Table 1. GO enrichment of functional modules M1 to M5.

The metabolic pathways of AD in the KEGG will be shown in Figure 3.

Figure 3. Metabolic pathways of AD in KEGG-map05010. In the metabolic pathways of AD, APP, APOE, PS1, and PS2 genes, which are shown in red, play a role in the formation of amyloid plaques, oxidative stress, inflammation, calcium disturbances, and other metabolic disorders.

Also, after the investigation of each module, the common genes between them and EOAD and LOAD were found and reported in Table 2.

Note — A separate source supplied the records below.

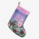 Petite Chaussette De Noël Roseaux à carreaux roses bleus personnalisés Cônes
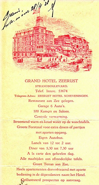 De geschiedenis van het hotel gaat terug tot 1844. In dat jaar kocht de heer A.E. Maas het "heerenlogement"van de toenmalige eigenaar Habraken en stichtte hier een zeebadinrichting onder de naam "Zeerust". In 1846 verbond hij aan deze badinrichting een hotel. De badinrichting heeft tot 1875 bestaan, daarna besloot de initiatiefnemer alleen nog maar als hotelhouder verder te gaan. In 1882 werd Zeerust uitgebreid en verbouwd. Toen verrees het nieuwe hoofdgebouw op de hoek van de Keizerstraat en de Zeekant. Het hotelgebouw op rechthoekige plattegrond bestaat uit kelders, een souterrain en drie bouwlagen onder een kapverdieping. De vleugel langs de Keizerstraat telt zes vensterassen, langs de Zeekant vier vensterassen. De hoek wordt beaccentueerd door een hoektoren, voorzien van een extra bouwlaag boven de kroonlijst.
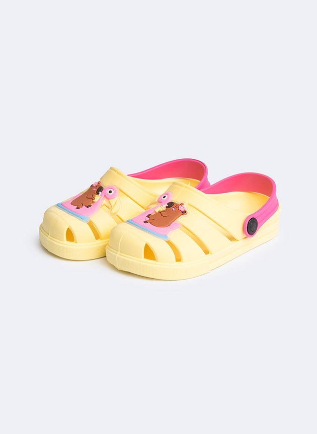 Babuche Infantil Menina Amarelo com Tira Rosa Capivara no Flamingo. Estilo e conforto para as pequenas que amam aventura!
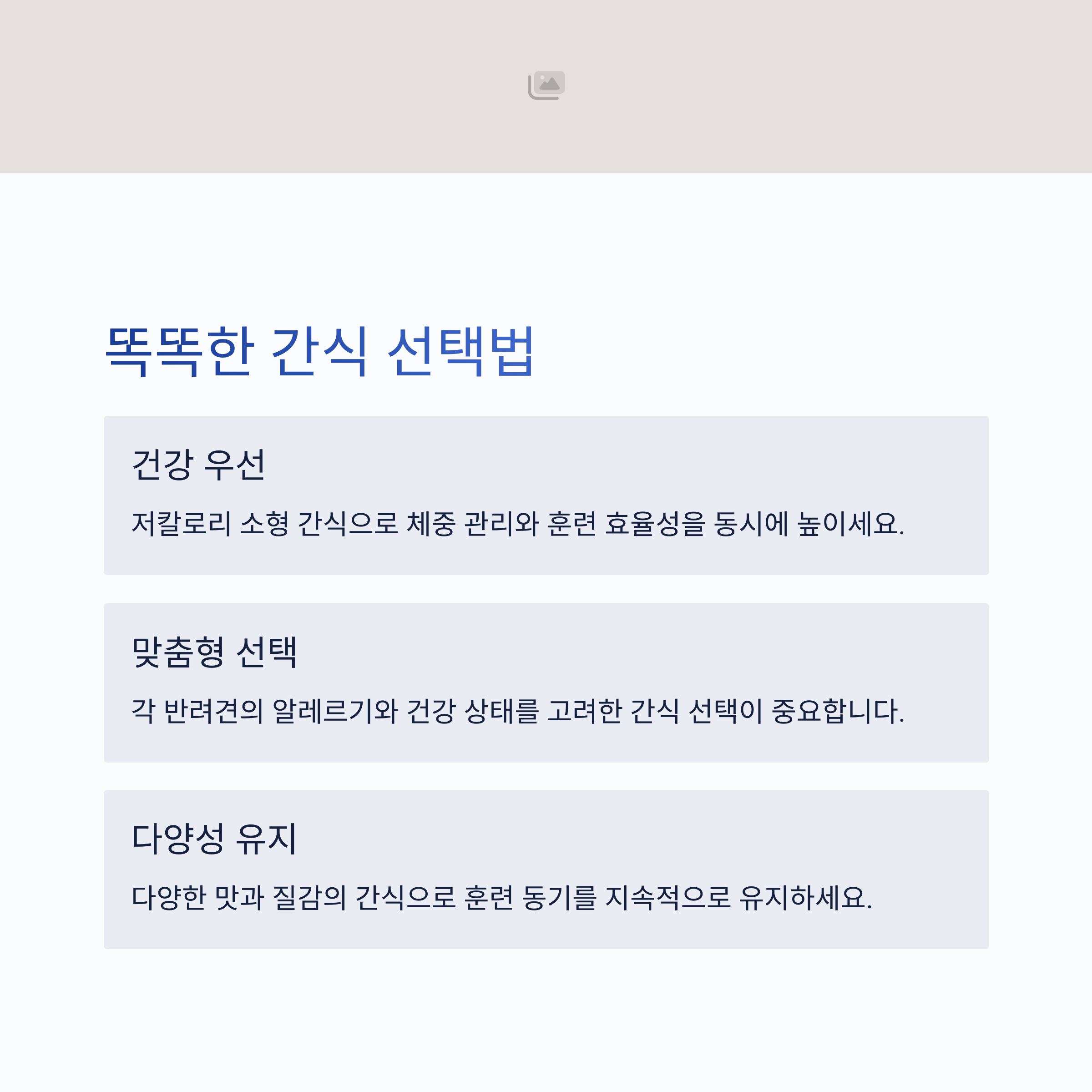 | 차례 훈련 | 간식 선택법 | 훈련 전략 |
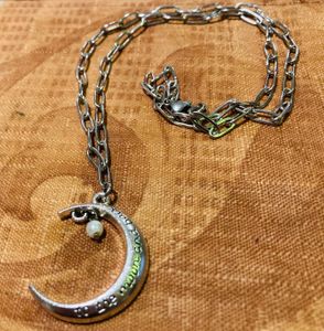 love ❤️ Moon shape has an attached faux pearl dangle comes on a large-link stainless steel paperclip chain. Pendant is metal alloy.
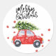 Merry Christmas red car with Christmas tree Classic Round Sticker
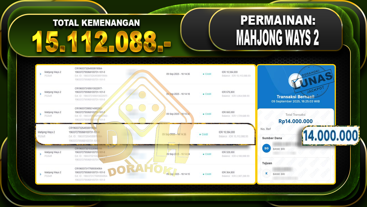 Bukti JP Mahjong Ways 2 – ucapkan selamat kepada user id SOdxxxxx atas kemenangan di Mahjong Ways 2 dengan total kemenangan Rp.15.112.088,- Yang pasti nya langsung LUNAS sesuai bukti ya bosku. Dorahoki nih bosku berapapun akan tetap kami bayar lunas ya bosku
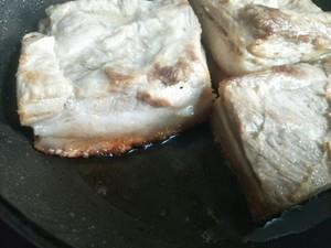 大片五花肉整片植物油少量老抽少量冰糖碎少量不沾平底锅1只
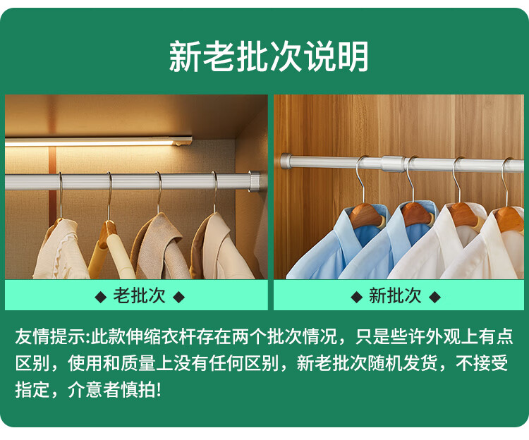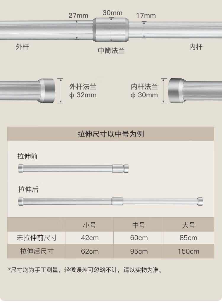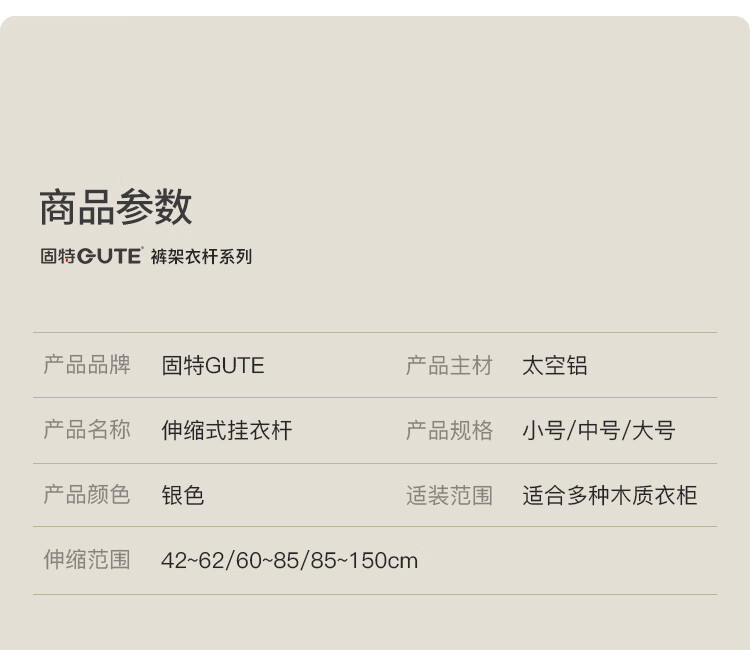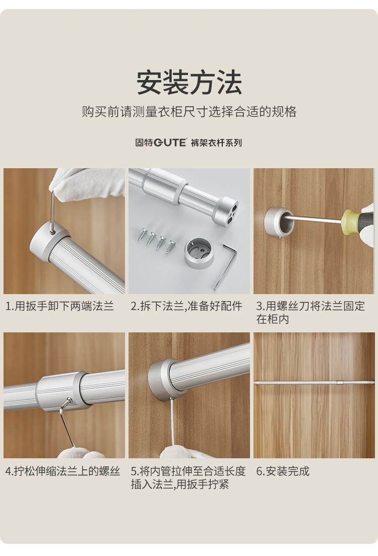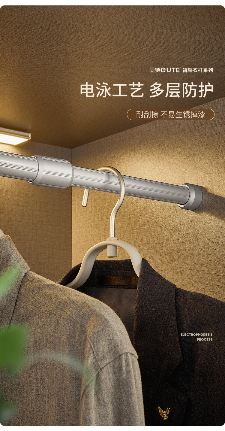 固特(GUTE)衣柜挂衣杆可伸缩橱柜杆衣柜杆固定杆衣架晾衣杆配底座银色中号
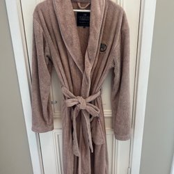 Svart klänning med lång ärm och slits på båda sidor. Se bild på slits där den gått upp lite i sömmen.
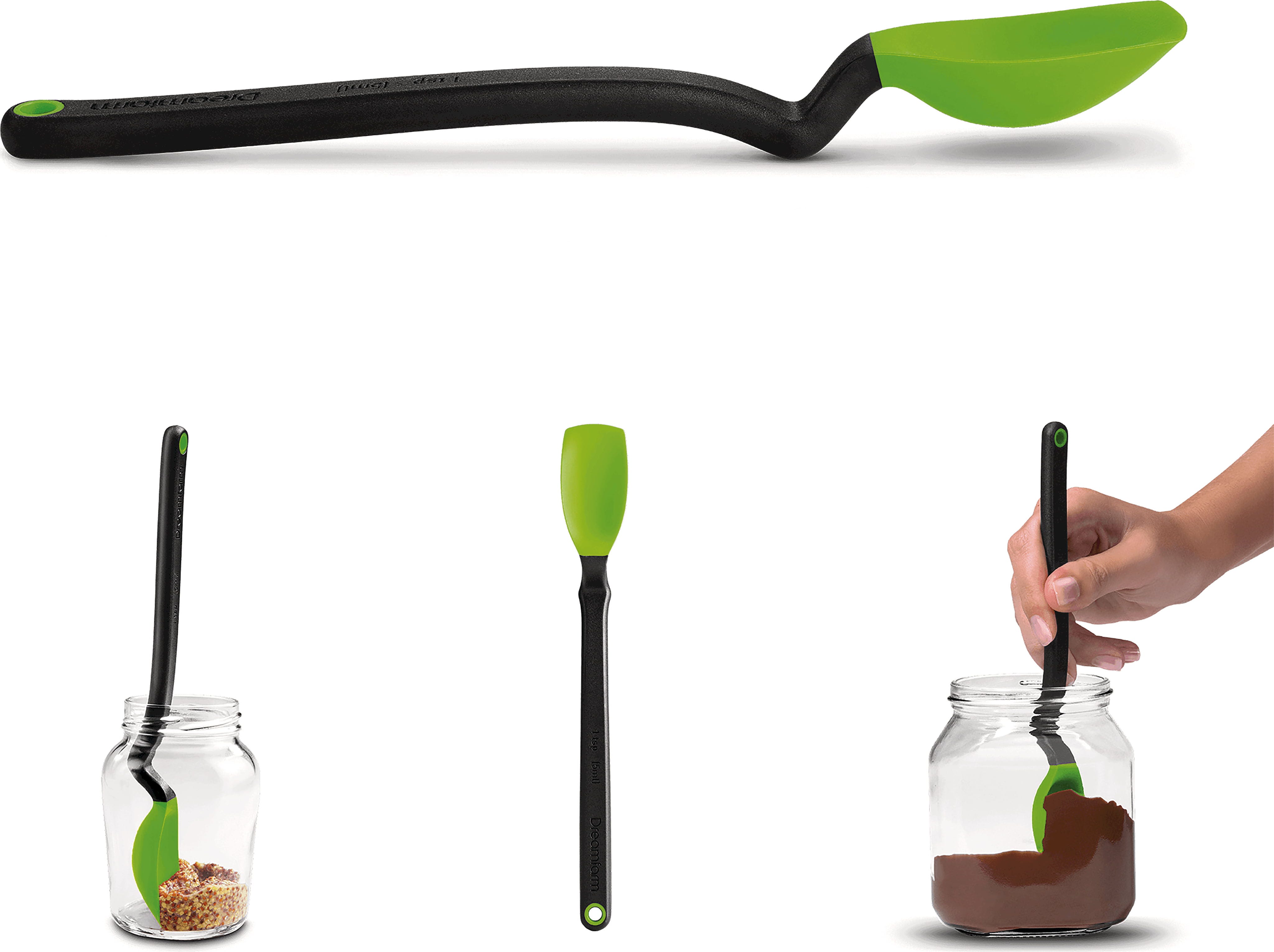 The Mini Supoon Silicone Spoon by Dreamfarm is the ultimate kitchen multi-tasker, combining stirring, scooping, measuring, and scraping into one compact tool. Its flexible silicone head is specifically designed to reach every corner of your jam jars or nutella pots, ensuring you can scrape out every last bit with ease.
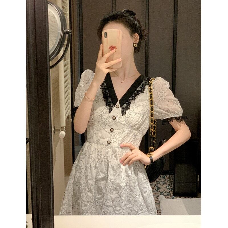 フレンチレトロヘップバーンスタイルライトラグジュアリーレディースローズドレスウエストスリム気質Vネックフローラルドレス女性夏 サマー 夏物 花柄 yingd61007254178
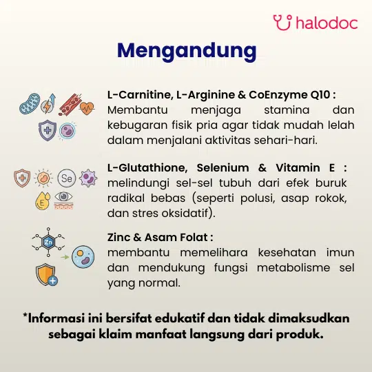 Vitamin E 72 mg, Asam folat 800 mcg, Zinc 25 mg, Selenium 60 mcg, Coenzyme Q10 15 mg, L-Carnitine 440 mg, L-arginine 250 mg, Glutathione 80 mg
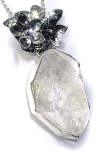 立体感のあるモチーフのバチカンで ハードかつ女性らしいデザインのペンダントトップです。 (チェーンは付属しませんので、ご希望の方はお申し付けくださいm(_ _)m) <この石について> ***ハーキマーダイヤモンド*** アメリカで産出する宝石の中でも珍しいものとして、ハーキマーダイヤモンドが存在します。 世界でもニューヨーク州ハーキマー地区でのみ産出する天然クォーツで、 通常は柱状に成長するのですが、ハーキマーのみ粒状に成長し、 ダイヤモンドの八面体結晶に似た、美しい六面体結晶となります。 ハーキマーで産出される輝きが強いクォーツに与えられた『ハーキマーダイヤモンド』の名称は、 かつてはダイヤモンドと誤解を受ける誤称とされましたが、 現在はクォーツの中でも特別な宝石として名称が定着しています。 柱状結晶から部分的に研磨されるクォーツと違い、 砂岩の中にある空洞で粒状に成長するハーキマーダイヤモンドは、 その自然の造形を楽しむものとして一切の研磨や人工的処理を行いませんので、 自然の創り出した宝石の奥深さが伝わってきます。 ひとつとして同じ宝石が見つからないハーキマーは、 完全な天然自然の創造物となる神秘的なクォーツです。 ただし、商業的に採掘されている宝石ではなく、まとまった採掘がない為に流通数が限られています。 古代では魔術的な力があると信じられ、 またその輝きから希望を象徴し、霊感力、直感力を高めると言われています。
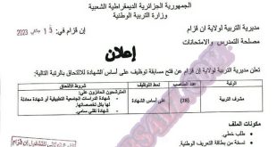 أكمل القراءة »اعلان عن توظيف بمديرية التربية لولاية عين قزام

Module name	EOAD genes	LOAD genes	Common EOAD and LOAD genes	Fig
M1	PSEN2, PLD3, RIN3	BIN1, CLU, CD33, PICALM, EPHA1, CD2AP, PTK2B	PSEN1, APOE, SORL1, TREM2, ABCA7
M2	CSF1, CSF3, IL1A, CSF2, PRNP, NFKB1	A2M	-
M3	SNCA, TYROBP, CSF1R, CSF3R, NCSTN	IDE, LDLR, ABCA1	APP
M4	-	ACE, BACE1	MAPT
M5	-	MTHFR	-

Table 2. The common genes between each module and EOAD and LOAD.

Key genes analysis

Ten key genes were identified in the AD gene network. These key genes are containing APOE, TREM2, SORL1, BIN1, PICALM, ABCA7, CD2AP, CD33, MS4A6A, and CLU. The interaction network of 10 key genes is shown in Figure 4.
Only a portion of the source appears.